What to produce. From the records below, output exactly the lines running from the line containing "Realizing that many" through the line containing "Darüber ist Deutschland", and no others.

Entries provided.
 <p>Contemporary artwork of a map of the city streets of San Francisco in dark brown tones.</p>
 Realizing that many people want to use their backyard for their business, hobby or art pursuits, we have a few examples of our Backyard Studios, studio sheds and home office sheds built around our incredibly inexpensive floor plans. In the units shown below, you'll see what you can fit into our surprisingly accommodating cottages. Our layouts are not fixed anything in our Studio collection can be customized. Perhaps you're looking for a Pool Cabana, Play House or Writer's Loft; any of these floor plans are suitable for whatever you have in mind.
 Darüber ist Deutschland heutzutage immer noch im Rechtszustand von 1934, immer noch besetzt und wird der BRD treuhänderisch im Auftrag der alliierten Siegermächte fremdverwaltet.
* * *
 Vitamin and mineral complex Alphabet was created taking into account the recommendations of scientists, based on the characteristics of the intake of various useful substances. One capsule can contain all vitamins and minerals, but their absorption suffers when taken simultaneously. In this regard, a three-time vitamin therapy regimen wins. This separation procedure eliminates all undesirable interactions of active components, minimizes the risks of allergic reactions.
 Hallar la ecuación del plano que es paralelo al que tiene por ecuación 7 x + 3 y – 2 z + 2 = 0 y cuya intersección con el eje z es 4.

Solution to this exercise.
 Realizing that many people want to use their backyard for their business, hobby or art pursuits, we have a few examples of our Backyard Studios, studio sheds and home office sheds built around our incredibly inexpensive floor plans. In the units shown below, you'll see what you can fit into our surprisingly accommodating cottages. Our layouts are not fixed anything in our Studio collection can be customized. Perhaps you're looking for a Pool Cabana, Play House or Writer's Loft; any of these floor plans are suitable for whatever you have in mind.
 Darüber ist Deutschland heutzutage immer noch im Rechtszustand von 1934, immer noch besetzt und wird der BRD treuhänderisch im Auftrag der alliierten Siegermächte fremdverwaltet.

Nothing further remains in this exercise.